Build a (RAG) System
Last Updated: July 10th, 2025

Daily Challenge: Build a Retrieval Augmented Generation (RAG) System


👩‍🏫 👩🏿‍🏫 What You’ll learn
Implement a Retrieval Augmented Generation (RAG) system using Langchain and Hugging Face.
Load and process datasets using Hugging Face datasets and Langchain HuggingFaceDatasetLoader.
Split documents into smaller chunks using Langchain RecursiveCharacterTextSplitter.
Generate text embeddings using Hugging Face sentence-transformers and Langchain HuggingFaceEmbeddings.
Create and utilize vector stores with Langchain FAISS for efficient document retrieval.
Prepare and integrate a pre-trained Language Model (LLM) from Hugging Face transformers for question answering.
Build a Retrieval QA Chain using Langchain RetrievalQA to answer questions based on retrieved documents.


🛠️ What you will create
You will create a functional RAG system that can answer questions based on a dataset loaded from Hugging Face Datasets. This system will:

Load the databricks/databricks-dolly-15k dataset.
Index the dataset content into a vector store.
Utilize a pre-trained question-answering model from Hugging Face.
Answer user queries by retrieving relevant documents and using the LLM to generate answers.

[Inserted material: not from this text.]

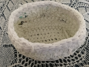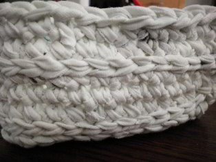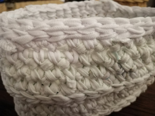 Háčkujeme košík do kúpeľne na drobnosti. Háčkujeme z nastrihaných tričiek. Už som si na takéto košíky zvykla. Sú super vec. V skrini ich máme na ponožky a spodné prádlo, v kúpeľni na drobnosti, na chodbe na poličke na kľúče, na balkóne mám v nich zemiaky. Nie, neurobila som ich všetky v jeden rok.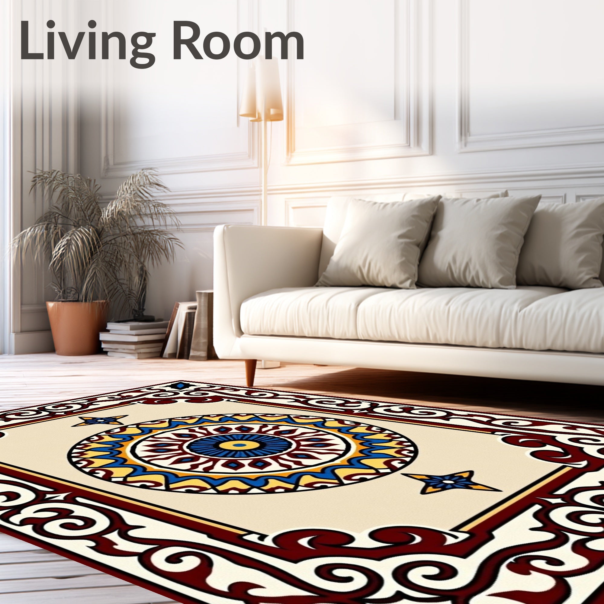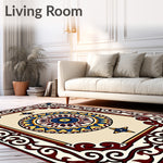 Ultra Soft Area Rug, Non Slip, Stain Resistant, Washable Area Rugs for Living Room, Bedroom, Artisan Mosaic Medallion Design(Beige) Overview:

Mandatory : You must read this article before starting the exercise
Faiss | LangChain



Mandatory : You must watch these videos before starting the exercise


PyTorch in 100 Seconds



LangChain Explained in 13 Minutes



Task
Our task is to implement RAG using Langchain and Hugging Face!

1. Set up your environment: : This ensures all the necessary tools are available to build the RAG system. Each library serves a specific role: Langchain handles the orchestration of components, transformers provide pre-trained models, sentence-transformers generate embeddings, datasets load sample data, and FAISS enables fast similarity searches.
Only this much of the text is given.